The latest scandal over what Canadian broadcasters spend and claim from the taxpayer has come with news that CBC president Hubert Lacroix voluntarily repaid nearly $30,000 in living and meal expenses to the taxpayer.
The repayment was quietly made last fall as Ottawa was convulsed by a expenses scandal that had former CTV broadcasters-turned-federal Senators Mike Duffy and Pamela Wallin in its crosshairs.
Lacroix came clean for wrongly claiming $29,192.41 in living expenses over six years while receiving a $1,500 per-month allowance after deciding not to move to Ottawa.
The CBC auditors put the double-dipping down to an executive compensation rule that went unnoticed by the public broadcaster until Lacroix’s expenses were reviewed.
In a memo published on the CBC.ca website, the CBC president warned the fresh expense claim furor was likely to get caught up in Ottawa’s ongoing senate scandal, which the public broadcaster has widely reported on.
“There has been a lot in the news recently, including on our own news, about the expenses of public officials and there are some who may use my disclosure of this information to attack me or this corporation,” Lacroix wrote in the memo.
That’s an allusion to a senate scandal that has seen Duffy and Wallin, both former broadcasters, suspended by the Upper House after bombshell expense claim revelations that implicate the office of prime minister Stephen Harper.

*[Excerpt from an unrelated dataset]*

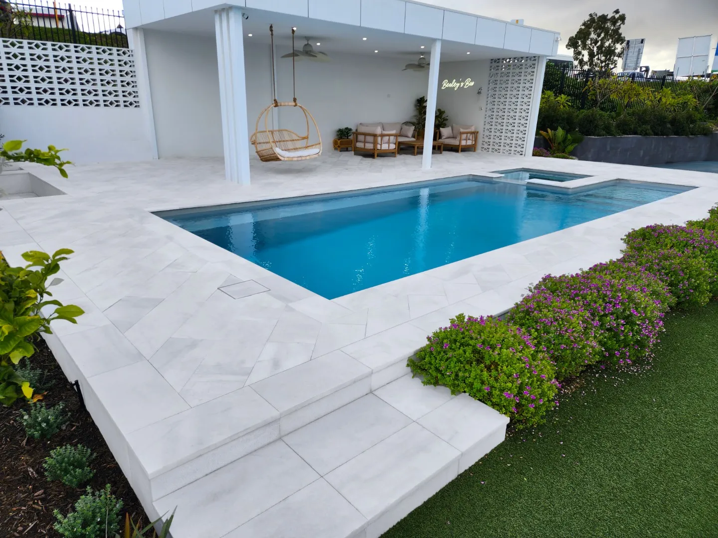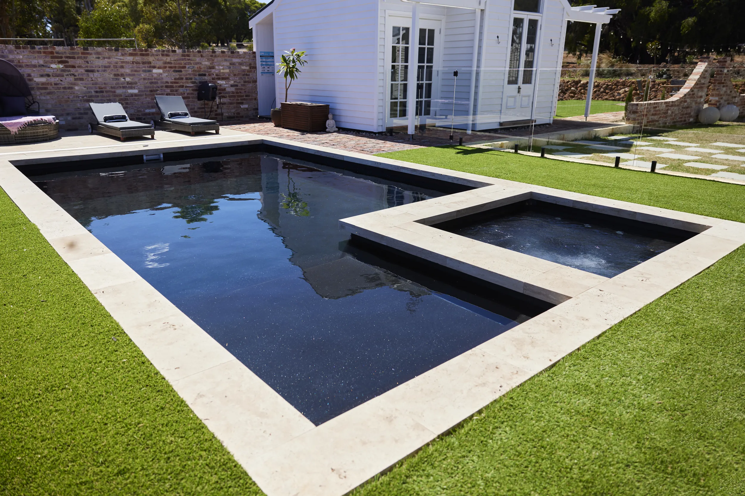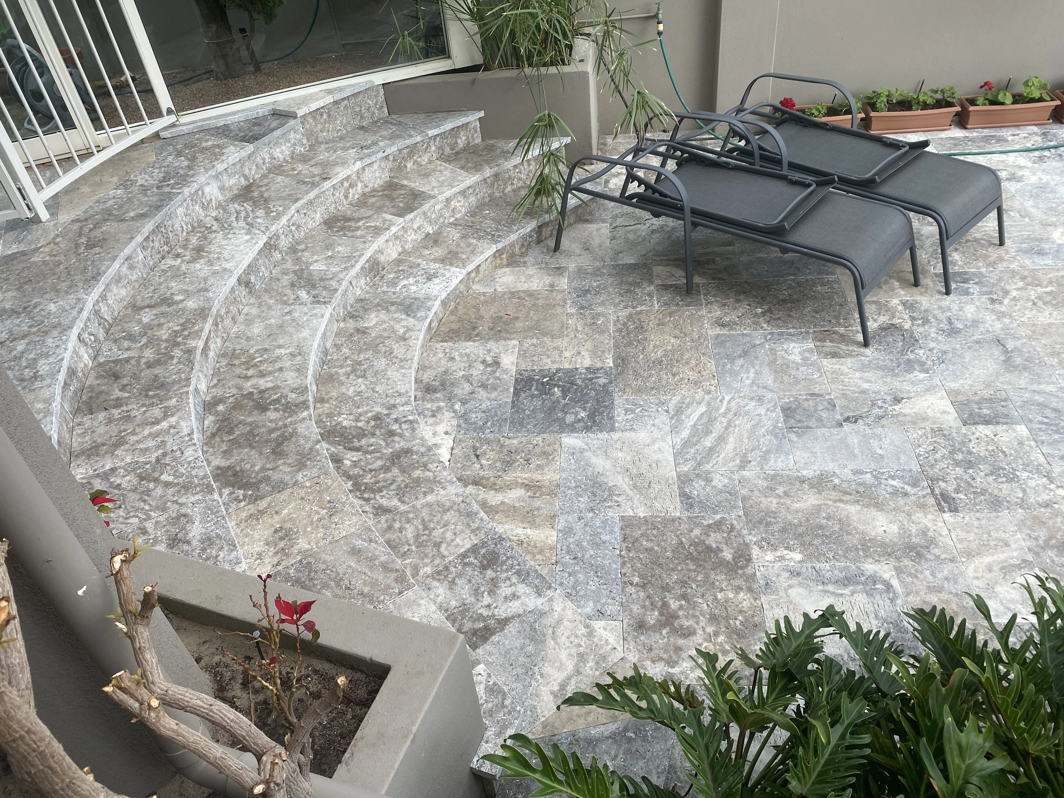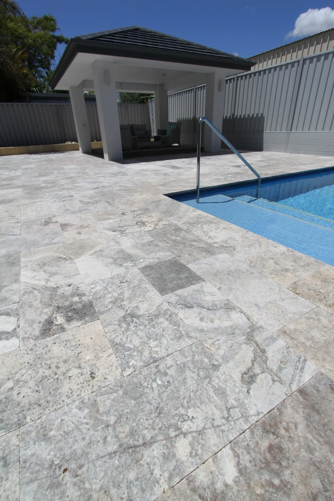This beautiful high quality Travertine paving can provide an almost seamless flow from structure to nature, or boldly stand alone as a landscaping statement.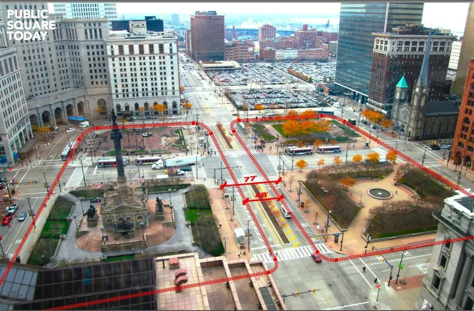到2008年克利夫兰寻求科纳的帮助时,关于如何改造广场的许多想法已经出现并消失。它们都受到一个假设的影响,即周围的交通不能受到干扰。科纳提出了一个大胆的想法:如果我们不能移除街道,那就建一个高架公园在它们上面。山顶公园的概念没有实现,因为成本和复杂性,但佐勒表示,这让当地人重新想象公共广场是一个优先考虑人而非汽车的地方。交通分析确定城市可以关闭一条街道,并将另一条街道缩窄为公交通道,在重大活动期间可以重新规划。科纳的最终设计的建设在今年春季开始,预计成本为3200万美元。

Lacroix’s taxpayer expense woes follow another internal memo earlier this month in which the CBC topper pointed to “dark clouds on the horizon” that threaten deep cost-cutting at the public broadcaster.

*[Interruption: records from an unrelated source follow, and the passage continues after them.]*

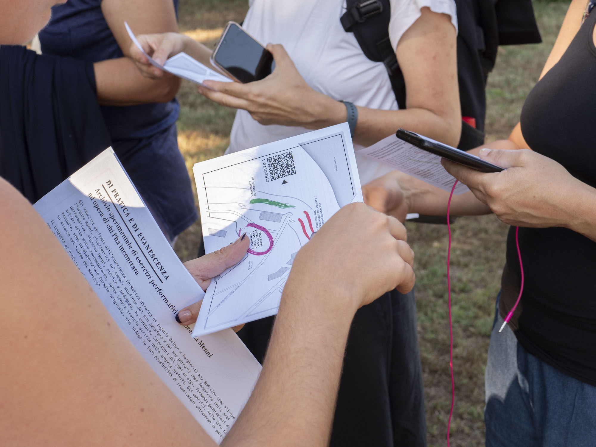 Fiorenza, attrice, regista e pedagoga, ha condotto laboratori dal 1998 ad oggi, formando generazioni di artist_ della scena contemporanea, senza tenere traccia scritta della propria attività. Gli esercizi, nella loro forma testuale, sono un’elaborazione formale originale di Eugenia e Margherita, che indaga la loro possibilità di trasmissione attraverso la parola, in assenza del “corpo del maestro”.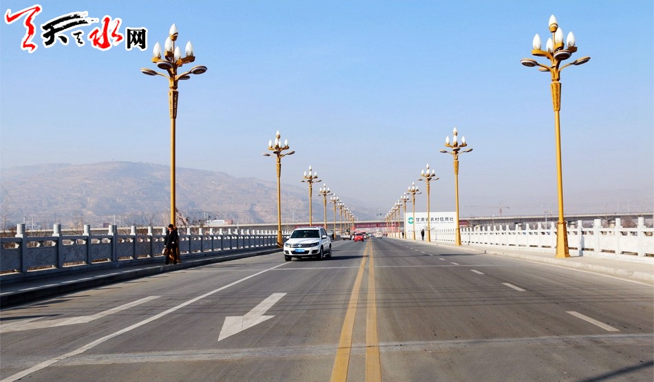 葫芦河大桥改造工程西接成纪大道西段、东接成纪大道东段,桥梁全长360米、宽15米,概算总投资544.1万元。改造内容为栏杆采用黄冈岩、人行道采用花岗岩、桥面泡洗铺油、路灯更换等。工程于2016年9月15日开工建设,目前,全面完成栏杆更换、路面面层铺装等工程,同时投资61万元在桥面安装路灯22套。
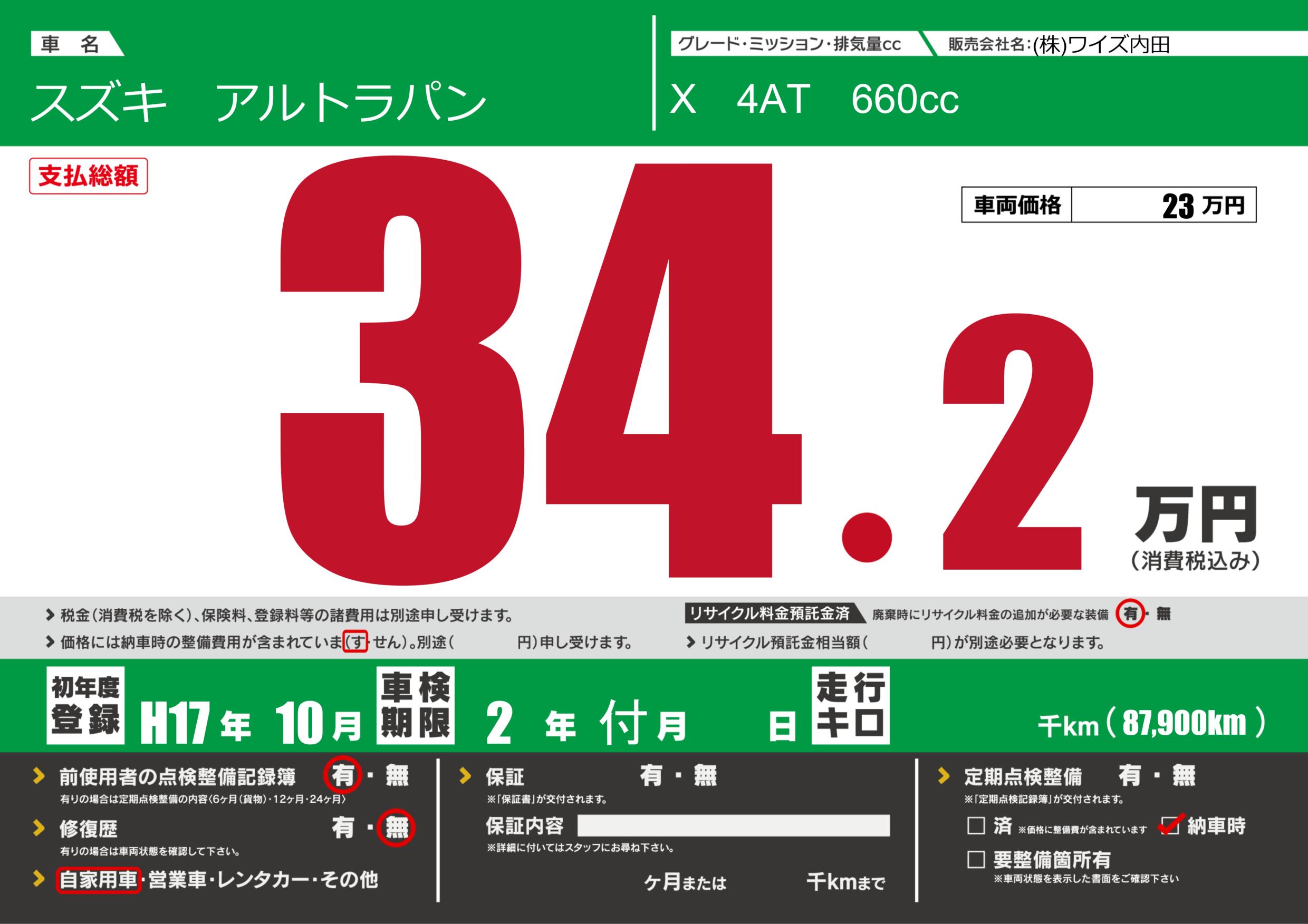 あり | 車検制限 | 2年付月---月 |

A weak advertising market for the CBC has been compounded by the loss of revenues from televising NHL games for next season after Rogers Communications signed a new contract with the pro hockey league.
“We are working hard to confirm the bottom line,” Lacroix said in the memo.
“However, it’s clear that tough and more fundamental decisions will have to be made to establish a longer-term, sustainable financial model for our corporation,” he added.